Vi. Buffer Pool Technology
For a system with 0.4 million users, it is inevitable that the system will carry up to 0.4 million concurrent online requests. It is estimated that up to 0.4 million concurrent online voting requests will be carried. Buffer Pool processing is performed when three processes consume the most resources. One process is to verify the user name and password when a user logs on; the second process is the amount of access that the system receives during the user's voting period. The third process is message push, and multiple threads are used to push users in queue.
VII. Static Page Technology and Load Balancing Technology
The data submitted by the user is refreshed locally, that is, only the data submitted by the user needs to be used. Some unchanged data does not need to be submitted or downloaded.
(1) Server Load balancer is used to process client requests, which can handle tens of millions of concurrent requests.
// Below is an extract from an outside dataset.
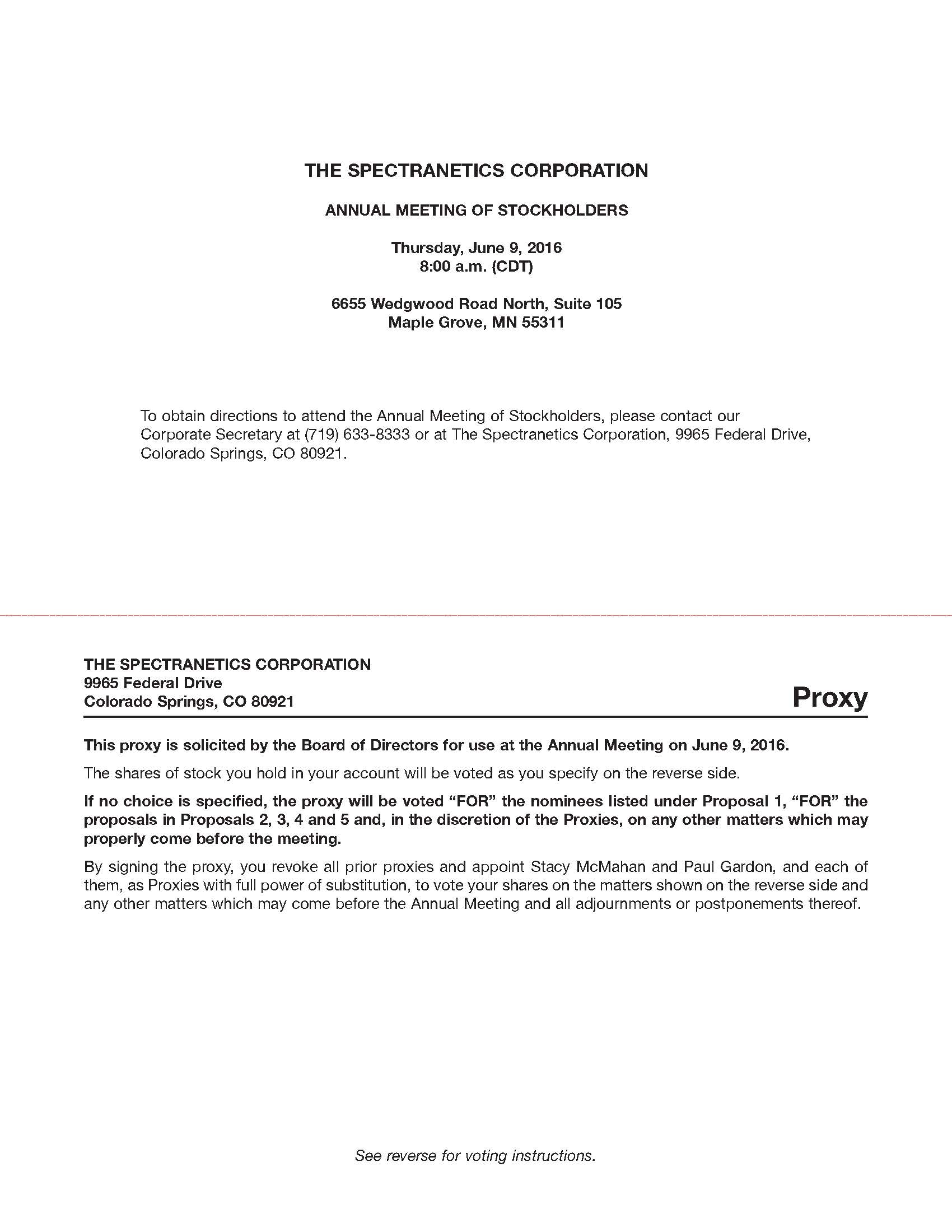 This Proxy Statement is furnished to stockholders of THE SPECTRANETICS CORPORATION (“us,” “we,” “Spectranetics” or the “Company”) to solicit proxies by the Board of Directors (the “Board”) for use at our Annual Meeting of Stockholders (the “Meeting”) to be held at 6655 Wedgwood Road North, Suite 105, Maple Grove, Minnesota 55311 on June 9, 2016, at 8:00 a.m. (CDT). We expect that this Proxy Statement and proxy will be first mailed to stockholders on or about May 4, 2016.

This chapter describes some outline schemes for processing large concurrency of the system. The feasibility of the scheme is described through the tested data. The Mysql database uses the SELECT * Statement to query 0.5 million entries in full for a period of 1.130 seconds.
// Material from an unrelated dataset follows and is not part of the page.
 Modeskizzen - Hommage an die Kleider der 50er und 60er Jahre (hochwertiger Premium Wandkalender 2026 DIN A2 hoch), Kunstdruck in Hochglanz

It takes 0.564 seconds to directly run an SQL statement in the database to query the id. in java, it takes 0.52 million seconds to query 2.776 pieces of data using a database connection.
Diagram of database usage using SQL statements
When you use java to operate databases to query all IDs
After the optimization, it takes only 1.070 seconds to log on to the system. Therefore, it is not a problem to log on to a large number of users.
8. ehcache Cache Technology + LRU and other elimination algorithms
This system is a high-concurrency, large data volume, and high-performance system. Therefore, cache plays a very important role. ehcache is a pure Java in-process cache framework and features fast and efficient. I used a variety of Java-based Open Source Cache components, including OSCache, JBossCache, and EHCache. OSCache is powerful and flexible. It can be used for Object Caching, Filter caching, and direct use of cache tags in JSP. In the recent use process, we found that when the concurrency is high, OSCache may encounter thread blocking and data errors. By analyzing the source code, we found that it is a defect of its internal implementation. The biggest advantage of JBossCache is that it supports cluster Synchronization Based on Object Attributes. However, the configuration and usage of JBossCache are complicated. When the concurrency is high, synchronization of object property data in a cluster also increases system overhead. EHCache is an open source project from sourceforge (http://ehcache.sourceforge.net/). It is also a simple and fast Cache component implemented in pure Java. EHCache supports memory and disk caching, multiple elimination algorithms such as LRU, LFU, and FIFO, and distributed Cache. It can be used as a Cache plug-in for Hibernate. It also provides a Filter-based Cache, which can Cache the response content and use Gzip compression to increase the response speed.
9. commons-pool
Creating and initializing new objects may consume a lot of time. This is especially true when initialization involves time-consuming operations (for example, reading data from a host other than 20,000 km. When a large number of such objects need to be generated, it may have some negligible impact on performance. To alleviate this problem, in addition to selecting better hardware and better virtual machines, it is also an effective countermeasure to appropriately adopt some encoding techniques that can reduce the number of object creation times. Object Pooling is a well-known technique in this field, while the Jakarta Commons Pool component is a powerful foreign aid for processing Object Pooling.